La Legislatura bonaerense recibió un pedido de informes para conocer cómo el Gobierno provincial supervisa y fiscaliza las obras hidráulicas no autorizadas, en particular los canales clandestinos que se multiplican en zonas rurales y alteran el escurrimiento natural del agua.
La iniciativa busca obtener precisiones sobre la aplicación del nuevo procedimiento aprobado por el Ministerio de Infraestructura y Servicios Públicos para intervenir frente a estas prácticas ilegales, que generan conflictos entre productores, impacto ambiental y riesgos hídricos en distintas regiones de la provincia.
Entre los puntos planteados, se solicita información sobre la implementación de la Resolución N° 46/2026 y su alcance en áreas rurales, donde la apertura de canales sin autorización avanza sin controles previos. Además, se advierte que este tipo de intervenciones provoca anegamientos, pérdida de productividad y tensiones con localidades cercanas.

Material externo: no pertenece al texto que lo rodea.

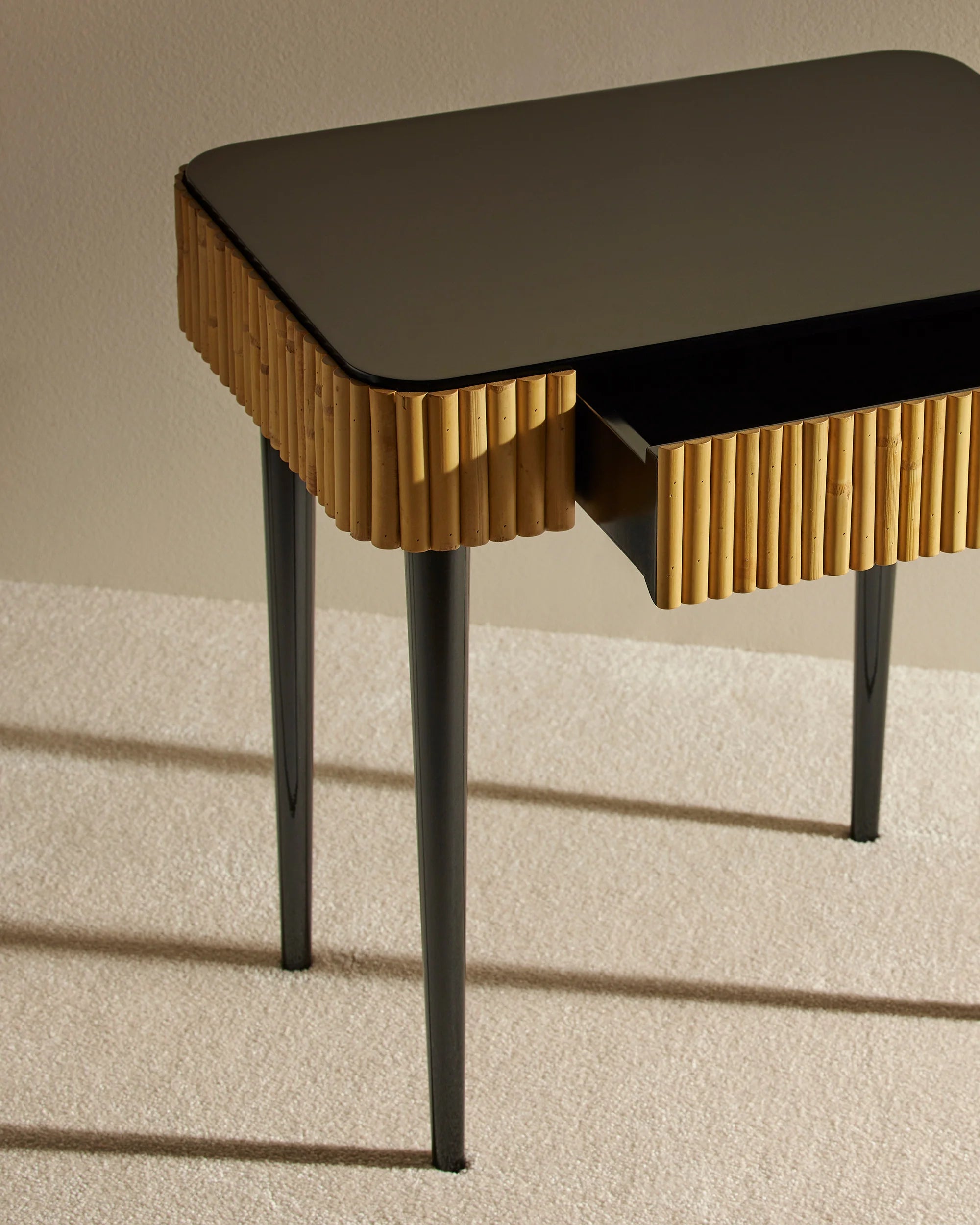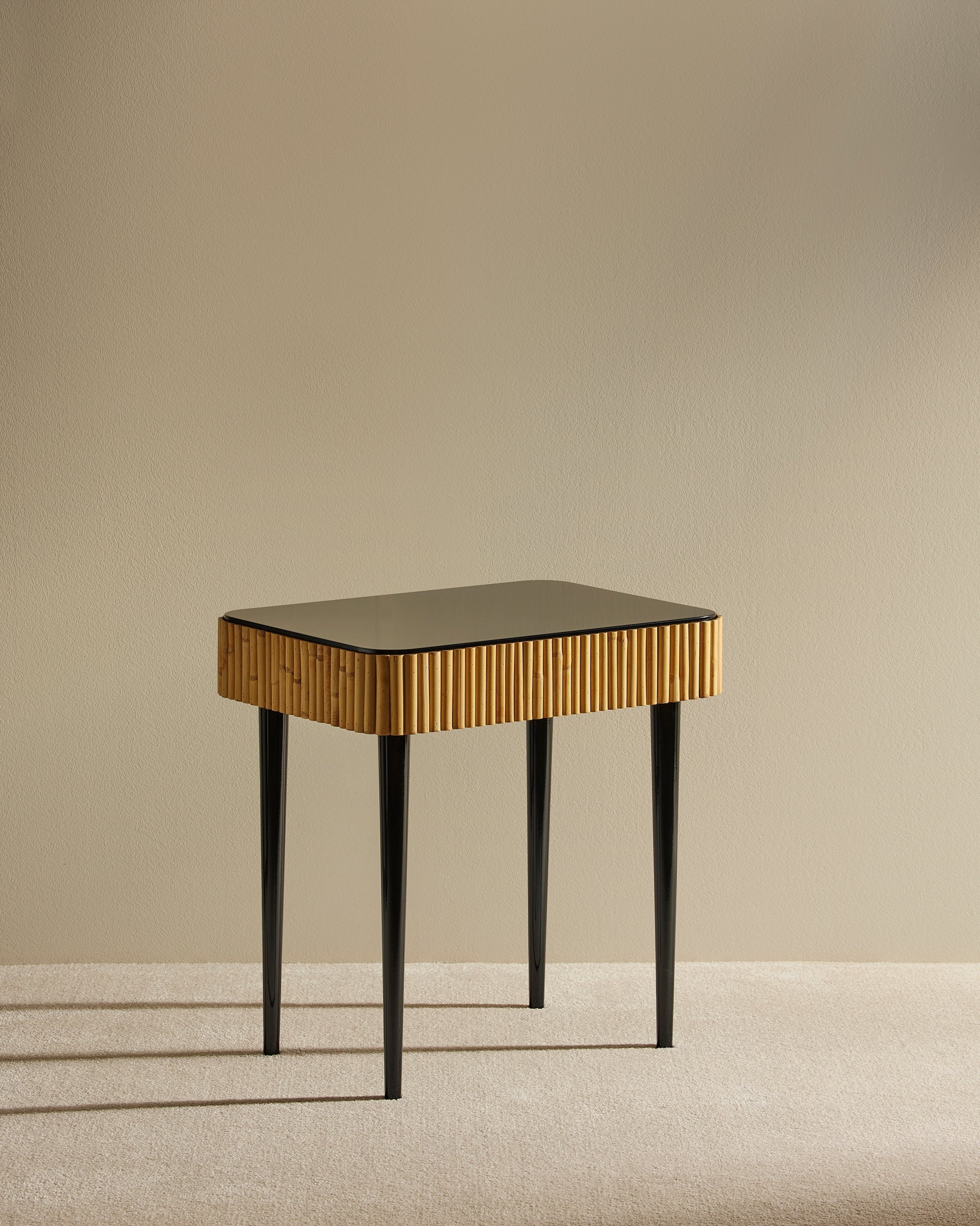 Lacquered wood and rattan bedside table with drawer by Parisian designer Sarah Lavoine.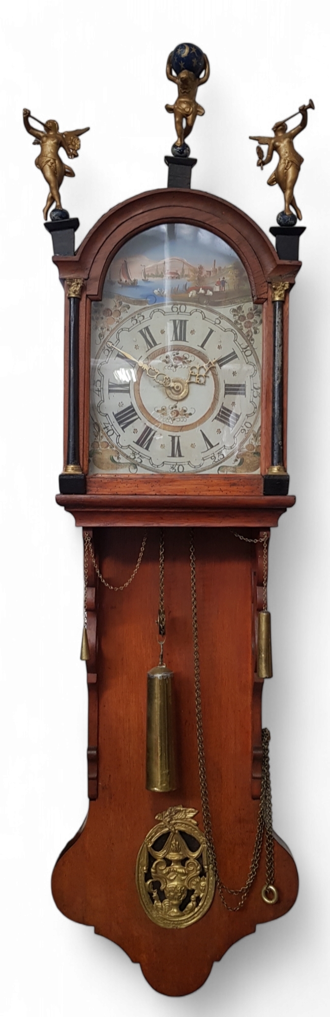 Nederlandse Friese staartklok, eind 19e eeuw. Uitgevoerd in hout en messing, met beschilderd bovenpaneel met Hollands landschap, wijzerplaat met Romeinse cijfers en florale motieven. De kap is bekroond met drie messing figuren, waaronder Atlas met hemelbol. Het slingervenster toont een messing ornament met urn en guirlande. Klaar om te bieden? Registreer je nu en doe mee aan de veiling! |

El proyecto también indaga sobre el uso de herramientas tecnológicas, como imágenes satelitales y sistemas de información geográfica, para detectar obras ilegales, así como la existencia de convenios con organismos científicos y técnicos que fortalezcan las tareas de control.
Otro eje central refiere a la articulación entre la Autoridad del Agua y la Dirección Provincial de Hidráulica al evaluar canalizaciones no autorizadas, y al rol de los municipios, incorporados como autoridades de comprobación tras las modificaciones al Código de Aguas. En ese sentido, se consulta si la Provincia impulsa instancias de capacitación y asistencia técnica para los gobiernos locales.
Finalmente, se remarca la importancia de una intervención temprana para evitar que las obras clandestinas se consoliden y generen daños hídricos de difícil reversión.